While today’s announcement from FCC Chair Tom Wheeler that the commission would take another stab at writing net neutrality rules — thus preventing ISPs like Verizon, Comcast, and Time Warner Cable from blocking or throttling access to certain sites for its customers — the re-establishment of the Open Internet guidelines still wouldn’t do much to end some of the current Netflix-related hiccups customers are seeing.
This is because the net neutrality rules only deal with how ISPs handle data during that so-called “last mile” of service directly to the end-user. While the reason many Verizon customers are watching House of Cards in fits and starts (or just giving up on it before Kevin Spacey reveals he’s a Hungarian drug lord with Gwyneth Paltrow’s head in a box) is a bottleneck that happens further up the stream.
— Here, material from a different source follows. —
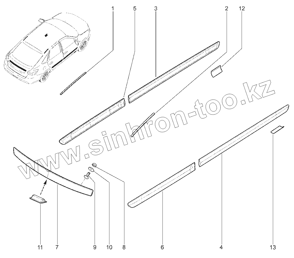Каталог запасных частей к технике: ВАЗ LADA Granta 2190. 552010. МОЛДИНГИ ДВЕРЕЙ

As we wrote last summer, many months before a federal appeals court gutted net neutrality, the source of the Verizon/Netflix congestion appeared to be occurring at peering ports, the connection between Netflix’s bandwidth provider and the ISP (in this case, Verizon).
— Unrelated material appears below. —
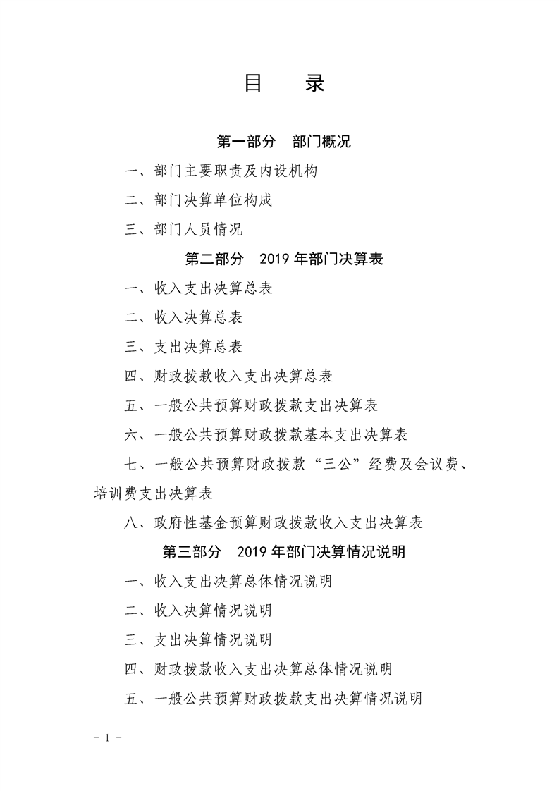 2019年县级部门决算公开目录

Before Netflix became the largest single source of downstream data in the U.S., it was common practice for peering partners to open and close ports as needed to handle traffic.
Cogent Communications, one of Netflix’s largest bandwidth vendors, said last summer that Verizon had previously opened up new ports to ease or prevent congestion when traffic hit around 50% capacity, but that the telecom giant had recently begun letting some ports reach 100% capacity without acting.
Today’s Wall Street Journal provides even more information about the ongoing standoff, with some sources saying Verizon is balking at upgrading its connections to Netflix’s bandwidth providers while others point a finger at Netflix for trying to unload so much data via the least-expensive (and maybe not the most efficient) way possible.
It basically boils down to the fact that long-held peering practices used to work because the extra ports opened by ISPs to alleviate congestion would ultimately be balanced out by the bandwidth providers who picked up the slack for traffic going in the opposite direction. But with video streaming, the upstream bandwidth needed is a sliver of what’s required for bringing HD movies to consumers’ homes.
Verizon apparently doesn’t see the benefit in doing Cogent and Netflix a favor if it isn’t getting anything in return. Since the old net neutrality rules didn’t require ISPs to go above and beyond existing peering arrangements (and the new rules probably won’t cover the topic either), expect Verizon and other ISPs to continue to allow Netflix traffic to build up until the streaming service either cries “Uncle” and pays for better service or routes their traffic in a more efficient (and probably more costly) manner.